§ Problem to work on
Among the entries below, find the line with "where, why, hw", then quote it and each following line up to and including the line with "随着科技进步,近几十年来,越", and nothing else.

§ Exercise input
++++++

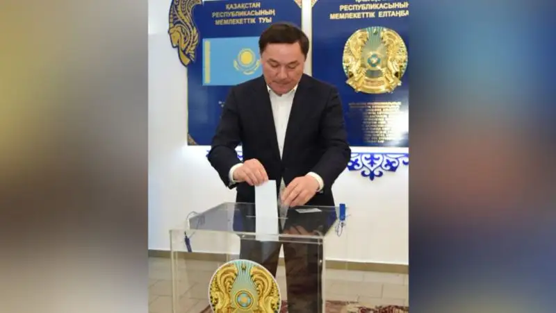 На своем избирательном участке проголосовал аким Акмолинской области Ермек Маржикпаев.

++++++

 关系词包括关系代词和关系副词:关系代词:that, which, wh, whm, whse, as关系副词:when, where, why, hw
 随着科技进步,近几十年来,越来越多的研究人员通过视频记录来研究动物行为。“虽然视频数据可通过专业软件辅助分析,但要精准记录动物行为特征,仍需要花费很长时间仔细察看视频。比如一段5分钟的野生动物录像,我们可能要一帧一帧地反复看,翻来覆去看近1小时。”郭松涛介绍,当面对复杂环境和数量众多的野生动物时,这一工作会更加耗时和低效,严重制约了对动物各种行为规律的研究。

++++++

§ Answer below
 关系词包括关系代词和关系副词:关系代词:that, which, wh, whm, whse, as关系副词:when, where, why, hw
 随着科技进步,近几十年来,越来越多的研究人员通过视频记录来研究动物行为。“虽然视频数据可通过专业软件辅助分析,但要精准记录动物行为特征,仍需要花费很长时间仔细察看视频。比如一段5分钟的野生动物录像,我们可能要一帧一帧地反复看,翻来覆去看近1小时。”郭松涛介绍,当面对复杂环境和数量众多的野生动物时,这一工作会更加耗时和低效,严重制约了对动物各种行为规律的研究。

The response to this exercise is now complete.